A Secretaria de Saúde de Curitiba esclarece que o Decreto Municipal 470/2020 proíbe visitas hospitalares como medida de controle de disseminação da covid-19, mas assegura que os direitos de acompanhamentos previstos em lei, como o parto ou a cesárea, sejam respeitados.

A Secretaria diz que não recebeu o ofício da Defensoria Pública do Paraná e, portanto, não irá se manifestar neste momento. Atualmente, as gestantes atendidas pelo Município são encaminhadas ao Hospital Evangélico e à Maternidade Mater Dei.

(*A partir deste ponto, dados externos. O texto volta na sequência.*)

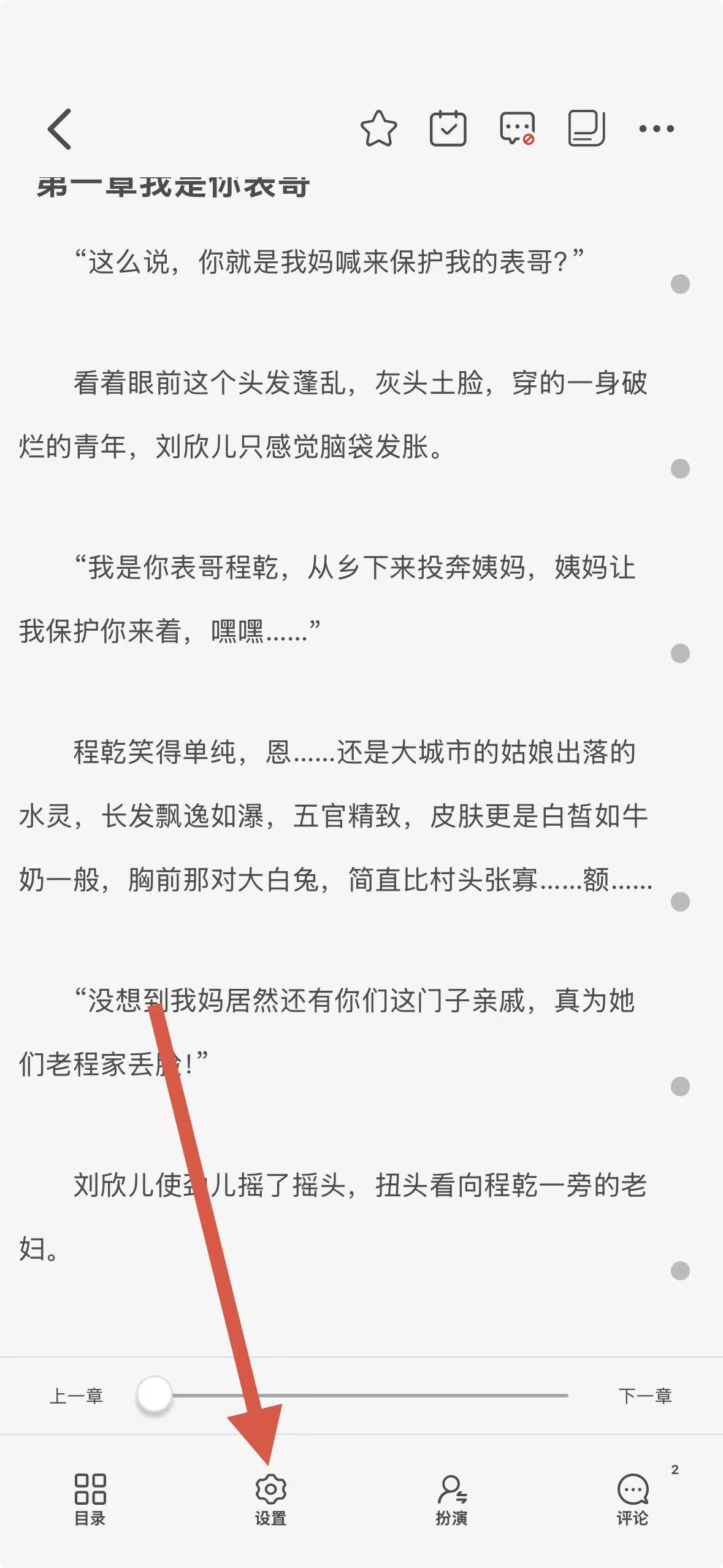 3、在閱讀界面,點擊底部設(shè)置選項,彈出設(shè)置菜單。

A Secretaria de Saúde do Paraná (Sesa) também recomendou, em nota orientativa divulgada no dia 28 de abril, que a legislação seja respeitada em todas as regionais de saúde do Estado. Para isso, tanto a gestante quanto o acompanhante devem ser informados sobre os cuidados a serem tomados para preservar a saúde deles e dos profissionais da assistência. O acompanhante não pode apresentar sintomas respiratórios nem estar no grupo de risco para quadros graves de coronavírus. Caso isso ocorra, deve ser substituído por outra pessoa de escolha da mulher.

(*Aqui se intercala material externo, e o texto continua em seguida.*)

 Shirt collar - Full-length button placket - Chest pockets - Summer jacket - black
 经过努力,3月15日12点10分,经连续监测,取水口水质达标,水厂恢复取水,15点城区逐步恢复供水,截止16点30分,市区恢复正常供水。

No entanto, a Assessoria de Comunicação da Sesa afirma que cada unidade poderá decidir sobre essa orientação, de acordo com sua própria realidade.

Em relação ao HT, a direção do hospital respondeu, em nota, que presta atendimento direto a casos de covid-19 e, portanto, entende que o direito coletivo de proteção deve prevalecer sobre o individual. Para que o acompanhante fosse autorizado durante todo o internamento e trabalho de parto, o hospital precisaria disponibilizar equipamentos de proteção individual (EPIs) de difícil aquisição neste momento. Além disso, seriam gerados custos adicionais não previstos pelo hospital.

Até o fechamento desta reportagem, a Assessoria de Imprensa do Hospital de Clínicas (HC) não respondeu à reportagem.

*Os nomes foram trocados a fim de proteger a identidade das fontes.